> Provided information
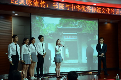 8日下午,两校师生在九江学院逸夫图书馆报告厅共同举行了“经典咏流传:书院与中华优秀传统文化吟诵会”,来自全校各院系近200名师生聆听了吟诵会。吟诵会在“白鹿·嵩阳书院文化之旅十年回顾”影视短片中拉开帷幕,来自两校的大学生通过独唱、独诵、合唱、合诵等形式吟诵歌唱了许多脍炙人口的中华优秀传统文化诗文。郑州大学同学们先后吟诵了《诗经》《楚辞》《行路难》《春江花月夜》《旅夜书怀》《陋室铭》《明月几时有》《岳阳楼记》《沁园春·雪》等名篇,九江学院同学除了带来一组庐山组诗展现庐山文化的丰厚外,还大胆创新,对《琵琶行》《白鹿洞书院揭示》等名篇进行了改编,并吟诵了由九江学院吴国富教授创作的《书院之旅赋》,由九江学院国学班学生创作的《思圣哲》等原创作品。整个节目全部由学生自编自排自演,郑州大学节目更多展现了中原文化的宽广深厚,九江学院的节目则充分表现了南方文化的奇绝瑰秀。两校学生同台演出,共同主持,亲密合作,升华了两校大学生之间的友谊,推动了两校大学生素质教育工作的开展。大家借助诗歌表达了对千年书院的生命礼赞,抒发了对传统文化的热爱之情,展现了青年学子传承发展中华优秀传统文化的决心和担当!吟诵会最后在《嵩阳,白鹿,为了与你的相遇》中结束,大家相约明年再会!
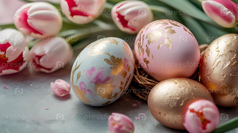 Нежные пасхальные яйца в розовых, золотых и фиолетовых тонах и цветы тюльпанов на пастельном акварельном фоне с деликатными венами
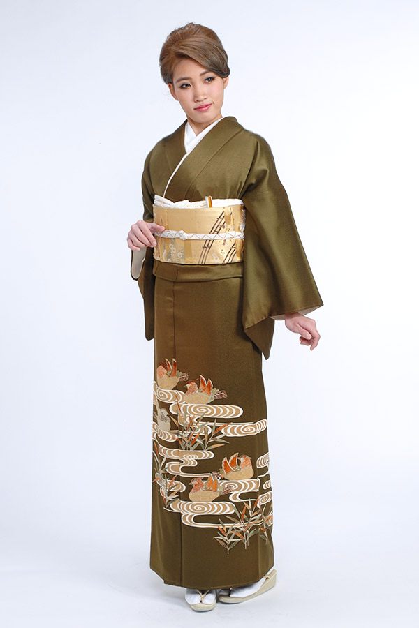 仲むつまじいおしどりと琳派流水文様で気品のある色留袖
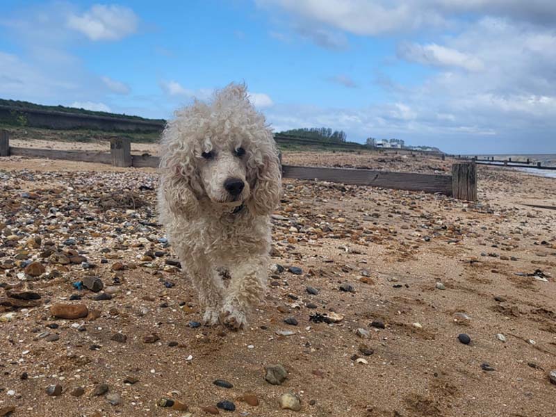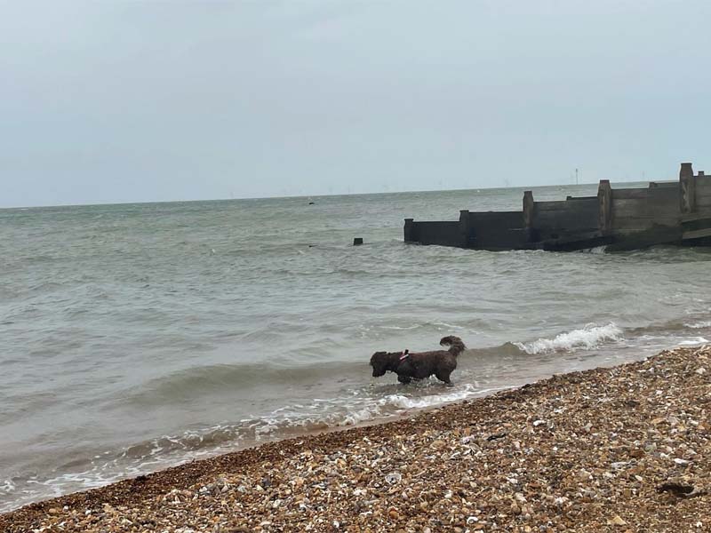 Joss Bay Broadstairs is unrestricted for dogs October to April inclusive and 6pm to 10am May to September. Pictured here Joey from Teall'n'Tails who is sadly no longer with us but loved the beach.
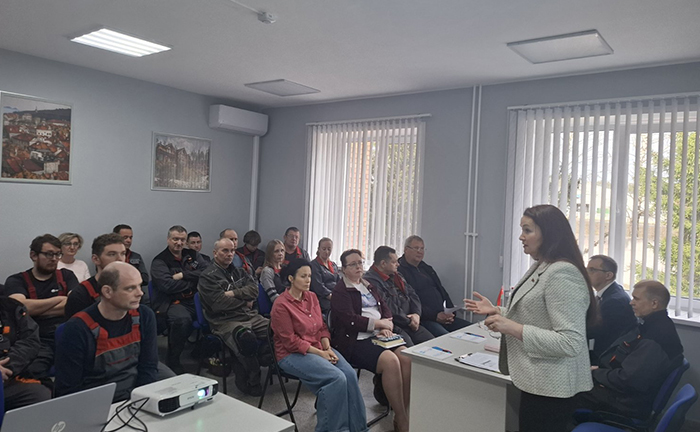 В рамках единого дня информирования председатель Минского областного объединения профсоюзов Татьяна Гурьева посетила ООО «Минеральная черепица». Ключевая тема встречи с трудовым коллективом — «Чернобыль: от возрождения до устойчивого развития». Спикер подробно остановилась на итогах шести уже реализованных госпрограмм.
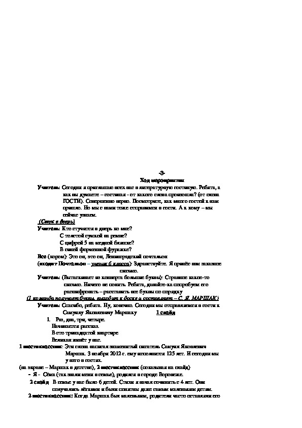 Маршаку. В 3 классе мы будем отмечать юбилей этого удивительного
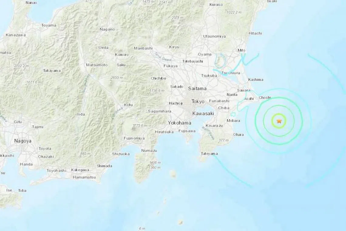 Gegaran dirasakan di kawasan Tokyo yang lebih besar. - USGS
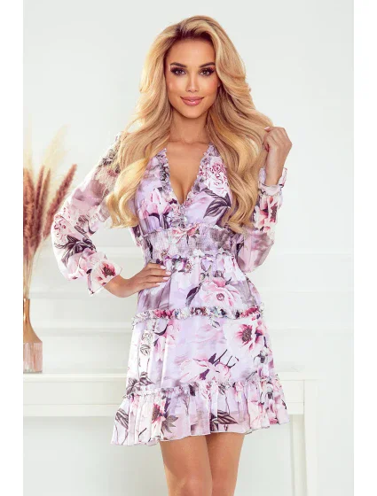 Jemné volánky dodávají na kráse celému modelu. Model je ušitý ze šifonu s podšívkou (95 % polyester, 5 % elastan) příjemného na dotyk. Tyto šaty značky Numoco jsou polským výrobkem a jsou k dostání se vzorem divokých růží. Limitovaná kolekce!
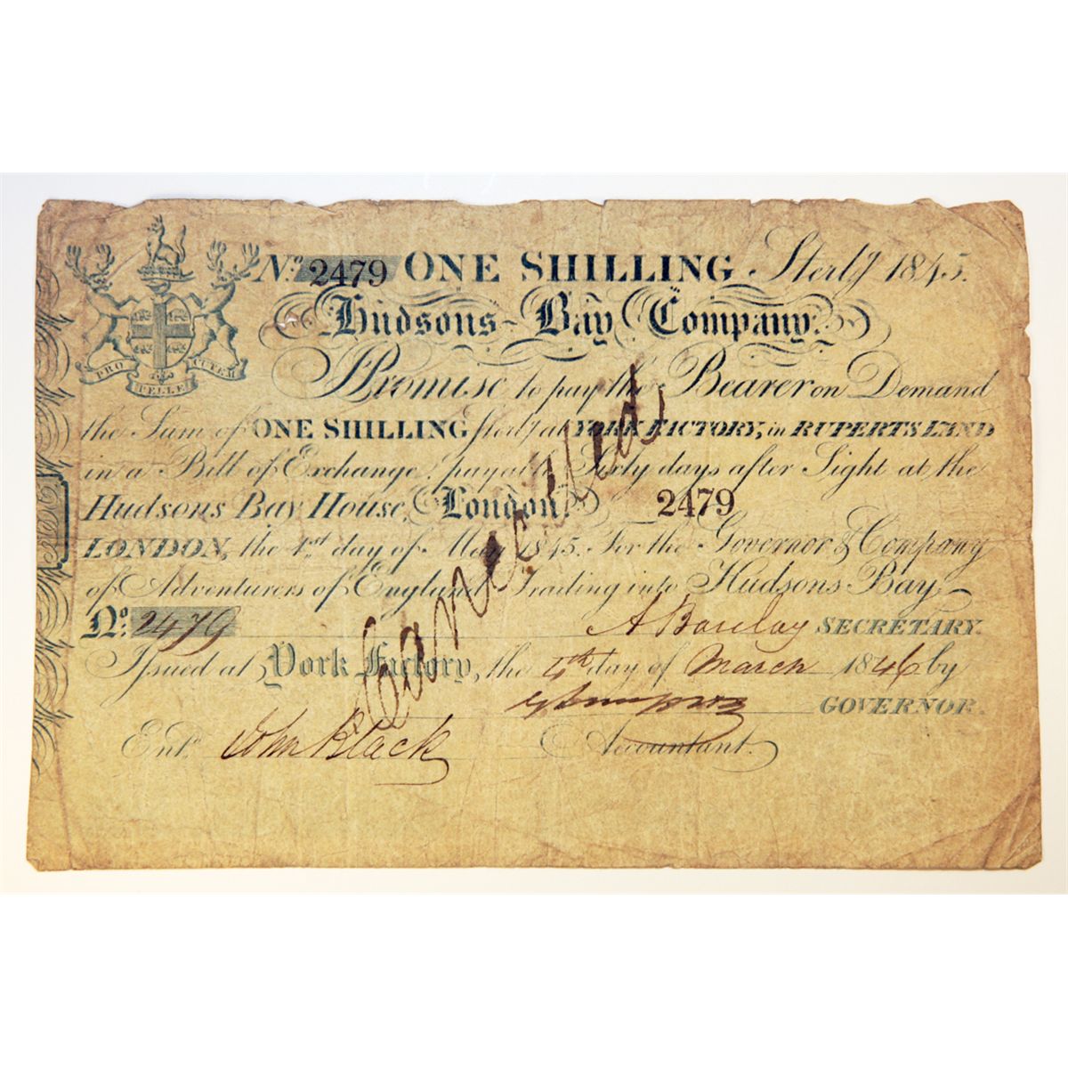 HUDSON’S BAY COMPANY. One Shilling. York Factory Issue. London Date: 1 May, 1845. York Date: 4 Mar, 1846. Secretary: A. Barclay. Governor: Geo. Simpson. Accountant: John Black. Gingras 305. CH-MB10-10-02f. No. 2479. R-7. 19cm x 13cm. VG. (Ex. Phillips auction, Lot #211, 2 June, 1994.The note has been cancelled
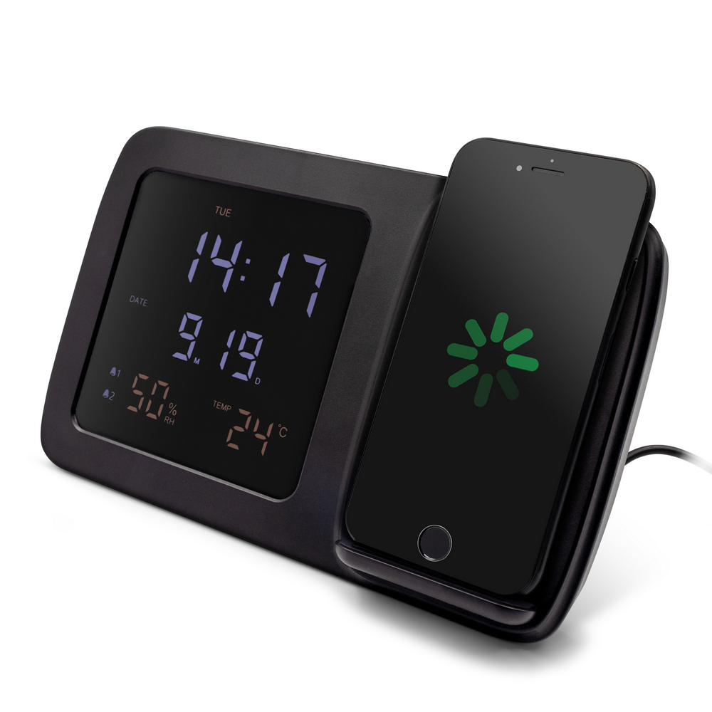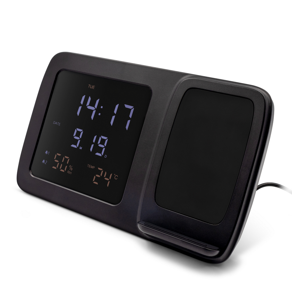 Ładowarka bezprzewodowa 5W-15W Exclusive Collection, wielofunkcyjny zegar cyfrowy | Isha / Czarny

> Problem description
Skipping all images, output the listing exactly.

> Your response
 8日下午,两校师生在九江学院逸夫图书馆报告厅共同举行了“经典咏流传:书院与中华优秀传统文化吟诵会”,来自全校各院系近200名师生聆听了吟诵会。吟诵会在“白鹿·嵩阳书院文化之旅十年回顾”影视短片中拉开帷幕,来自两校的大学生通过独唱、独诵、合唱、合诵等形式吟诵歌唱了许多脍炙人口的中华优秀传统文化诗文。郑州大学同学们先后吟诵了《诗经》《楚辞》《行路难》《春江花月夜》《旅夜书怀》《陋室铭》《明月几时有》《岳阳楼记》《沁园春·雪》等名篇,九江学院同学除了带来一组庐山组诗展现庐山文化的丰厚外,还大胆创新,对《琵琶行》《白鹿洞书院揭示》等名篇进行了改编,并吟诵了由九江学院吴国富教授创作的《书院之旅赋》,由九江学院国学班学生创作的《思圣哲》等原创作品。整个节目全部由学生自编自排自演,郑州大学节目更多展现了中原文化的宽广深厚,九江学院的节目则充分表现了南方文化的奇绝瑰秀。两校学生同台演出,共同主持,亲密合作,升华了两校大学生之间的友谊,推动了两校大学生素质教育工作的开展。大家借助诗歌表达了对千年书院的生命礼赞,抒发了对传统文化的热爱之情,展现了青年学子传承发展中华优秀传统文化的决心和担当!吟诵会最后在《嵩阳,白鹿,为了与你的相遇》中结束,大家相约明年再会!
 Нежные пасхальные яйца в розовых, золотых и фиолетовых тонах и цветы тюльпанов на пастельном акварельном фоне с деликатными венами
 仲むつまじいおしどりと琳派流水文様で気品のある色留袖
 Joss Bay Broadstairs is unrestricted for dogs October to April inclusive and 6pm to 10am May to September. Pictured here Joey from Teall'n'Tails who is sadly no longer with us but loved the beach.
 В рамках единого дня информирования председатель Минского областного объединения профсоюзов Татьяна Гурьева посетила ООО «Минеральная черепица». Ключевая тема встречи с трудовым коллективом — «Чернобыль: от возрождения до устойчивого развития». Спикер подробно остановилась на итогах шести уже реализованных госпрограмм.
 Маршаку. В 3 классе мы будем отмечать юбилей этого удивительного
 Gegaran dirasakan di kawasan Tokyo yang lebih besar. - USGS
 Jemné volánky dodávají na kráse celému modelu. Model je ušitý ze šifonu s podšívkou (95 % polyester, 5 % elastan) příjemného na dotyk. Tyto šaty značky Numoco jsou polským výrobkem a jsou k dostání se vzorem divokých růží. Limitovaná kolekce!
 HUDSON’S BAY COMPANY. One Shilling. York Factory Issue. London Date: 1 May, 1845. York Date: 4 Mar, 1846. Secretary: A. Barclay. Governor: Geo. Simpson. Accountant: John Black. Gingras 305. CH-MB10-10-02f. No. 2479. R-7. 19cm x 13cm. VG. (Ex. Phillips auction, Lot #211, 2 June, 1994.The note has been cancelled
 Ładowarka bezprzewodowa 5W-15W Exclusive Collection, wielofunkcyjny zegar cyfrowy | Isha / Czarny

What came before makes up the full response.